> _Work request_
When the listing below reaches the line that has "Leixoes port and", start reproducing exactly; stop after the line that has "第二個很有趣的技巧是記憶形狀", and drop the pictures.

> _Working data_
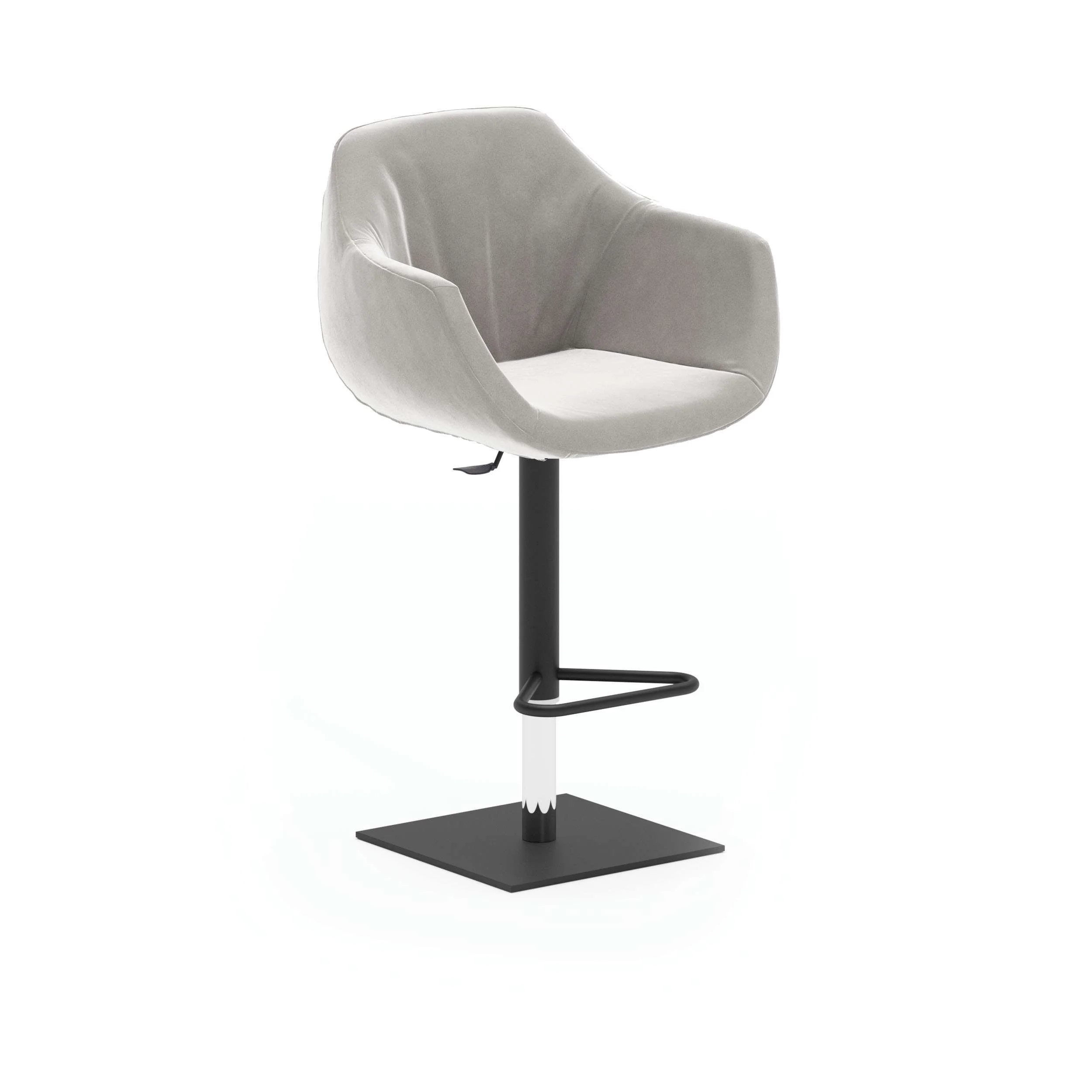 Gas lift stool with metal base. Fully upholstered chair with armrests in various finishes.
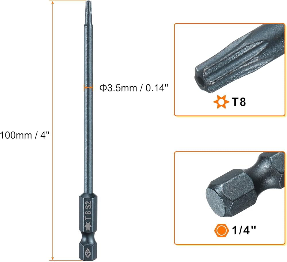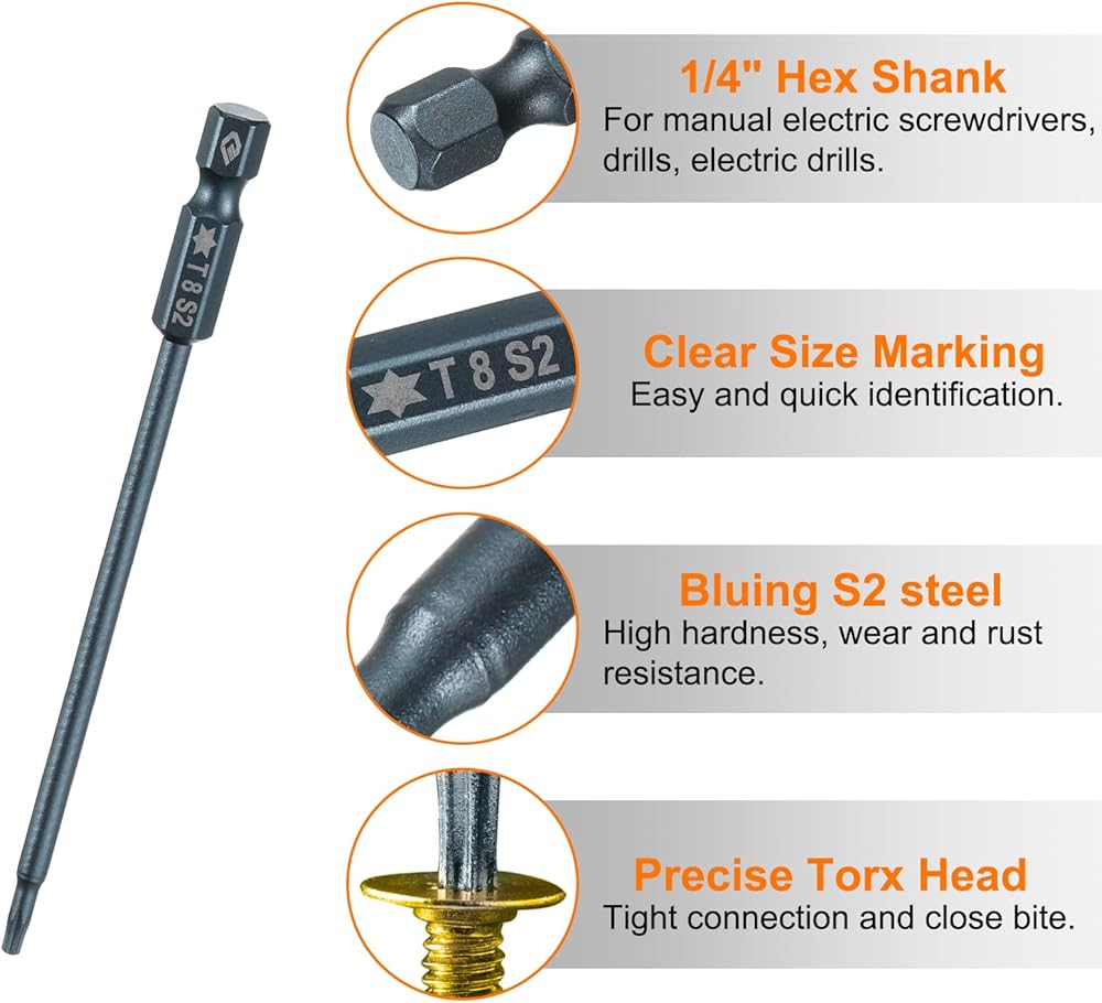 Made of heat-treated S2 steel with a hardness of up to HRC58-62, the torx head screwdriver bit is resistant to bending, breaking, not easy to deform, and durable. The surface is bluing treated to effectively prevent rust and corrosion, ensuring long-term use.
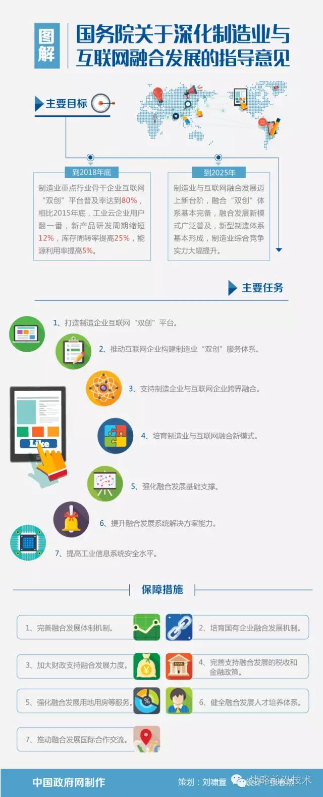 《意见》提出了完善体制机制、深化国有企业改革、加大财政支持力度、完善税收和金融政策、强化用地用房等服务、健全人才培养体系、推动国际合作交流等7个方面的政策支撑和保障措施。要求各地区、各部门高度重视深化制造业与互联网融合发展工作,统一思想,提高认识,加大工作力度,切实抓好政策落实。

--

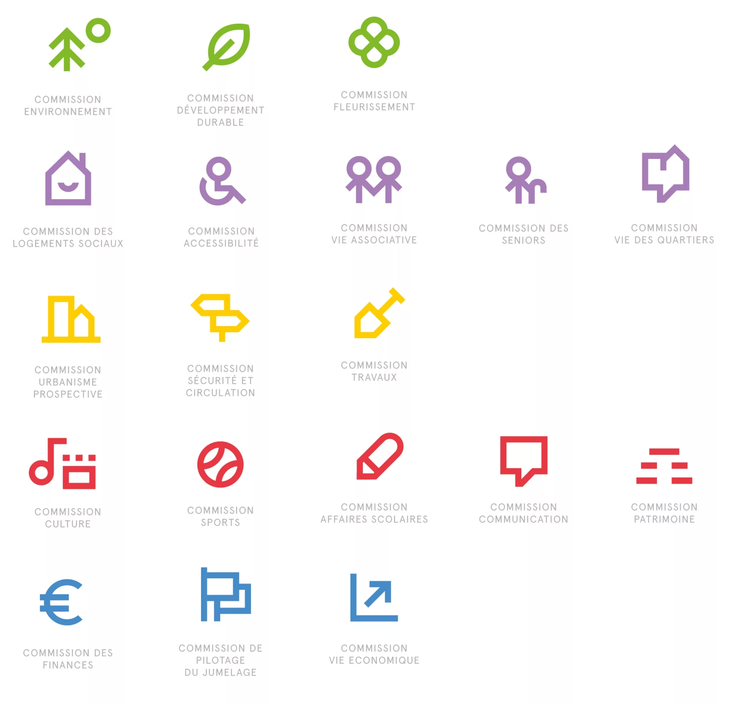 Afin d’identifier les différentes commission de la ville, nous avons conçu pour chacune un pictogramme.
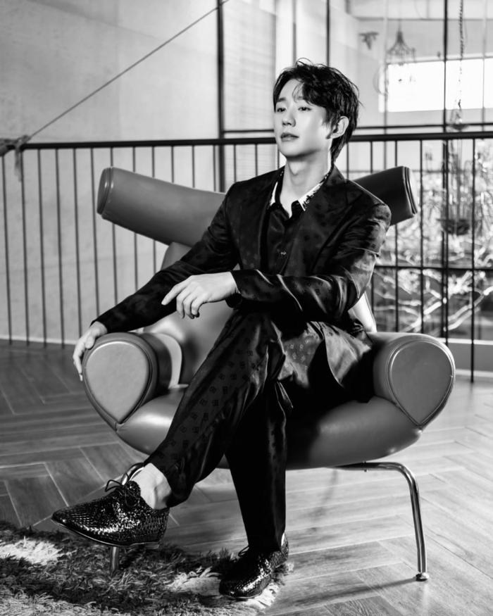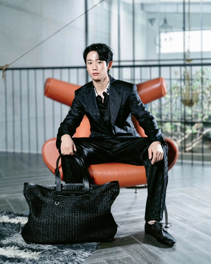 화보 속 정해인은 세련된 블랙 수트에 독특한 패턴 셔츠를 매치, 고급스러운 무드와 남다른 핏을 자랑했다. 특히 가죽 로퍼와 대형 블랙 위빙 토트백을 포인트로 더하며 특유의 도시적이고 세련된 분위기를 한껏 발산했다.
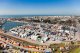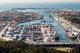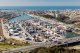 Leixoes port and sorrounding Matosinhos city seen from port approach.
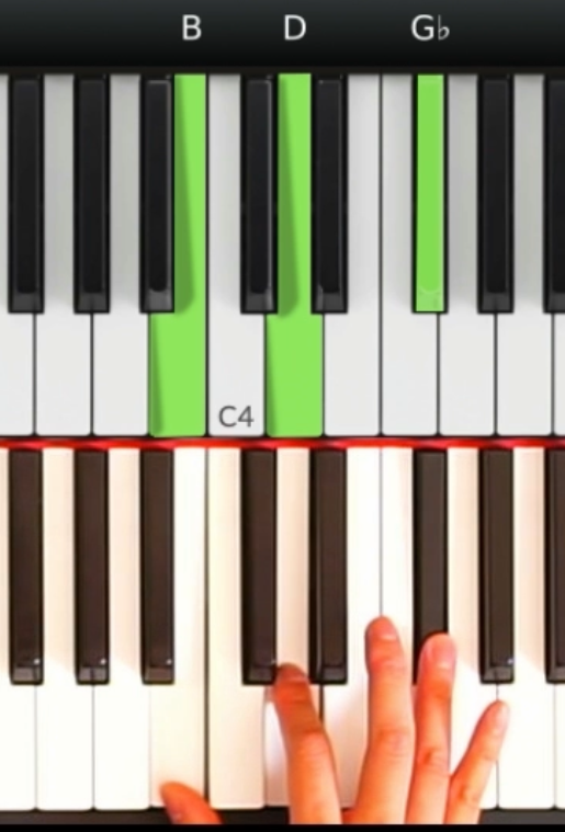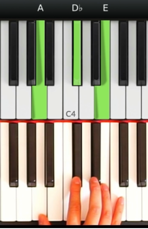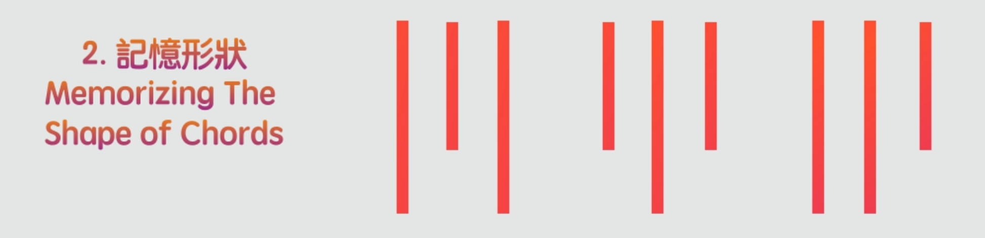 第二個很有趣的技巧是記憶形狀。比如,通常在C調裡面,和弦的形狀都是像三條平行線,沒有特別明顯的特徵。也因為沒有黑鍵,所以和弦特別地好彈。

...

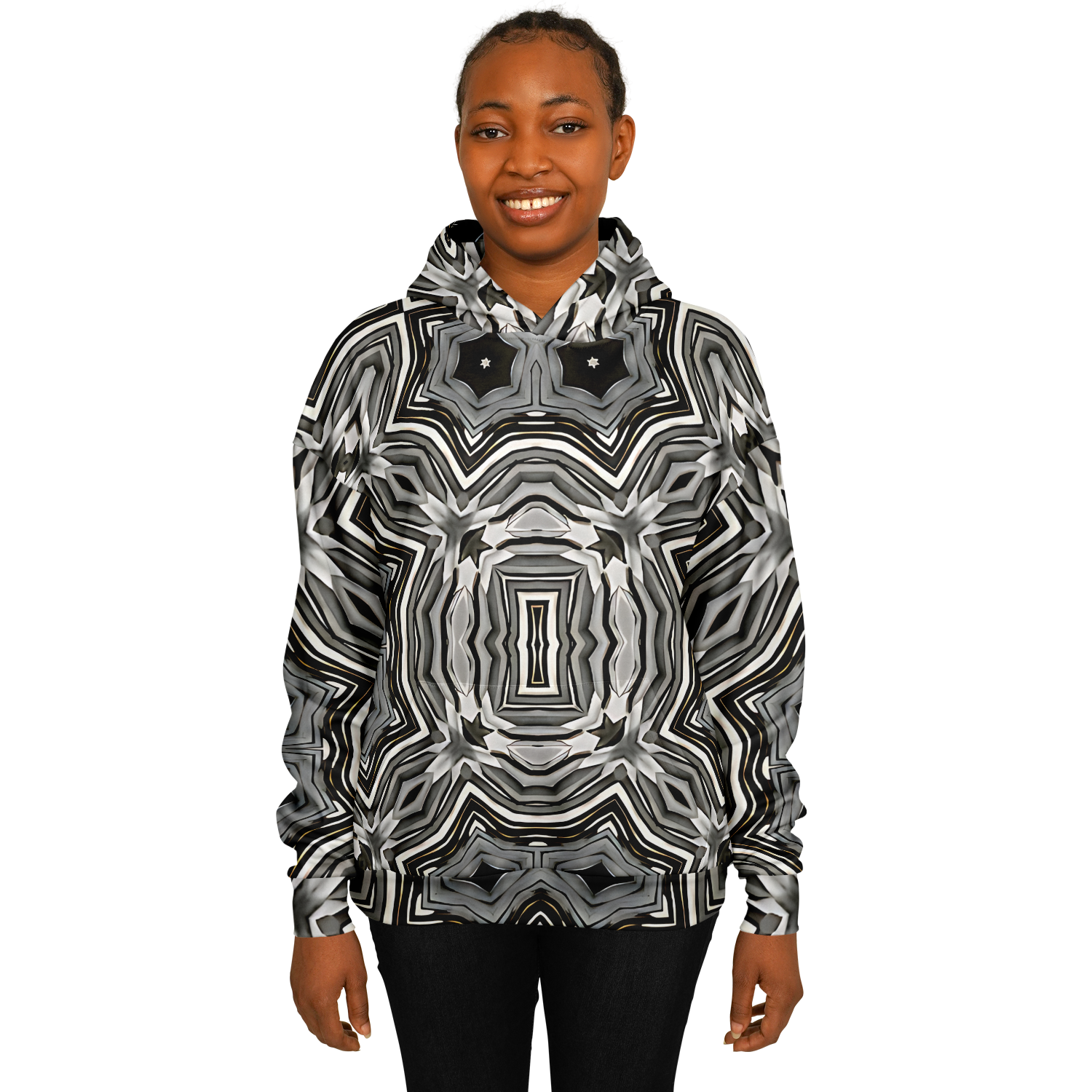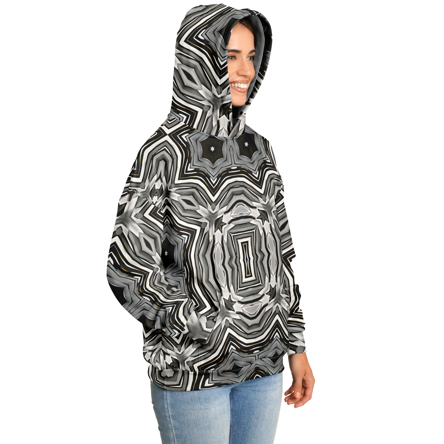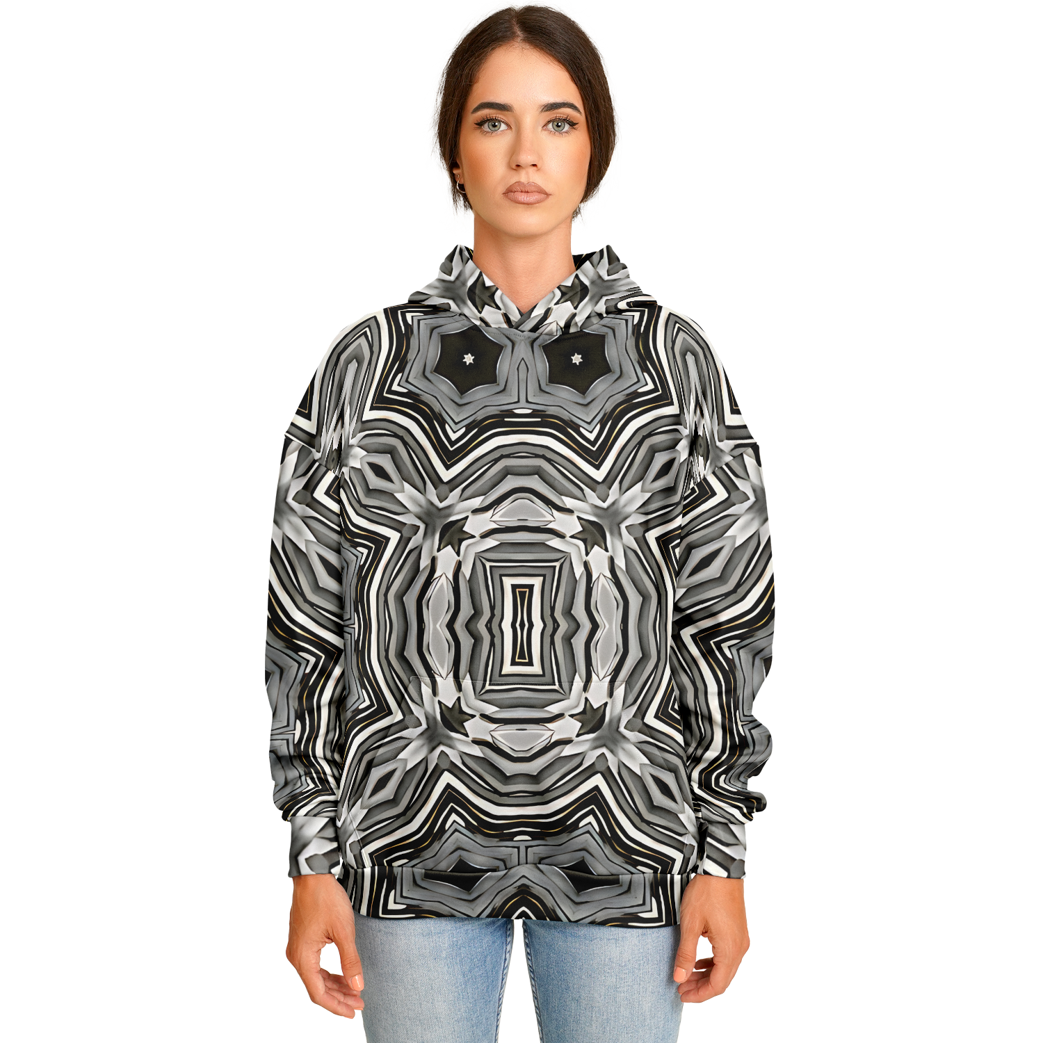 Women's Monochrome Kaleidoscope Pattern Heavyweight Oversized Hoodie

> _Response to this task_
 Leixoes port and sorrounding Matosinhos city seen from port approach.
 第二個很有趣的技巧是記憶形狀。比如,通常在C調裡面,和弦的形狀都是像三條平行線,沒有特別明顯的特徵。也因為沒有黑鍵,所以和弦特別地好彈。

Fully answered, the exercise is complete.